The task
Copy exactly the lines of the records below, and only those lines, beginning with the line that contains "海虫冻让我感觉像在吃猪皮冻。" and ending with the line that contains "5. Click on".

Input for this task
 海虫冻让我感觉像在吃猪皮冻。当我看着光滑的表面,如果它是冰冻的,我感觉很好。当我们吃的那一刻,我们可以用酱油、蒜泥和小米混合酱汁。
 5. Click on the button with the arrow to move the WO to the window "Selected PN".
...
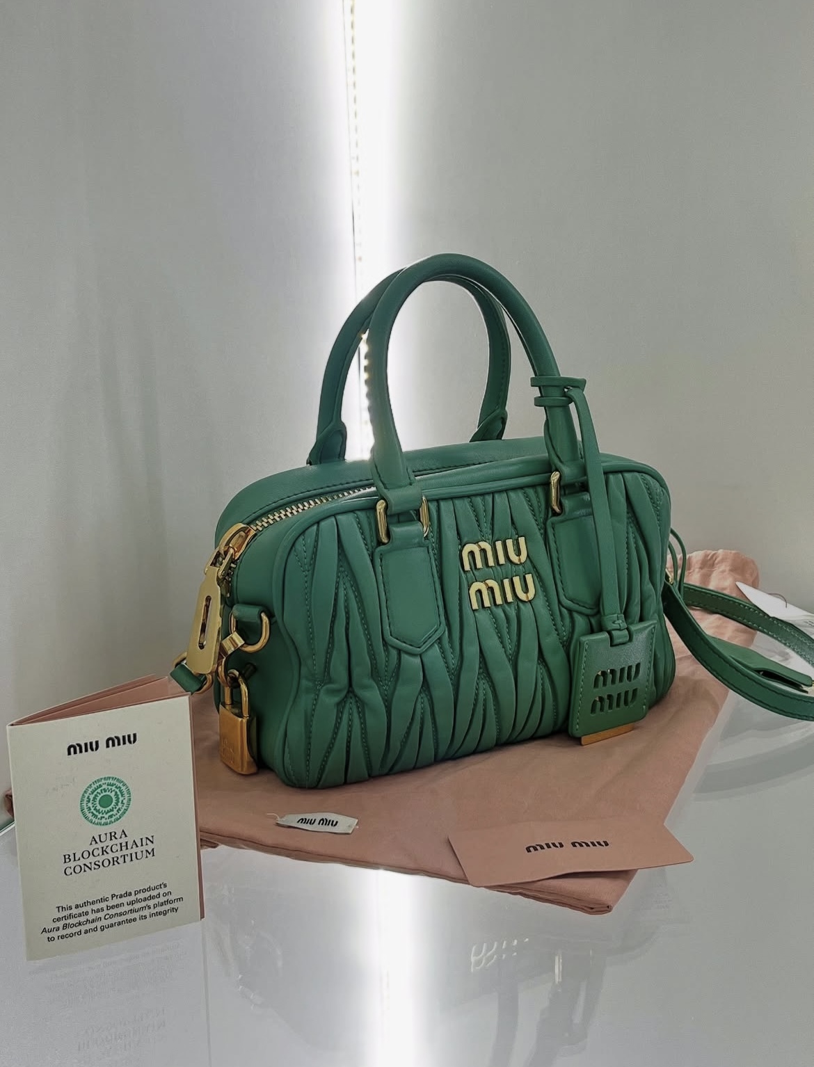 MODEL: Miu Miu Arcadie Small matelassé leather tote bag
...
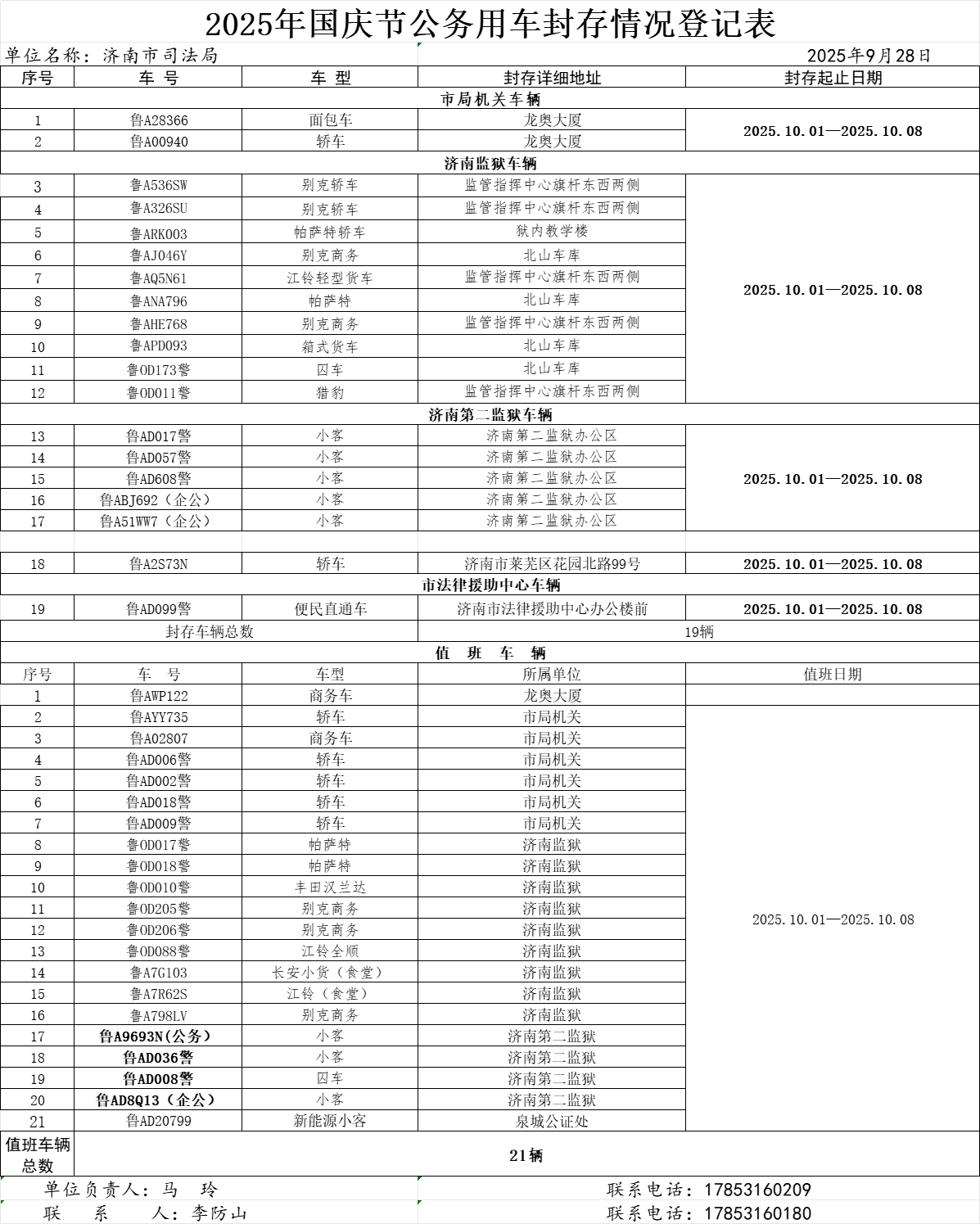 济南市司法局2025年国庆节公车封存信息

Written response
 海虫冻让我感觉像在吃猪皮冻。当我看着光滑的表面,如果它是冰冻的,我感觉很好。当我们吃的那一刻,我们可以用酱油、蒜泥和小米混合酱汁。
 5. Click on the button with the arrow to move the WO to the window "Selected PN".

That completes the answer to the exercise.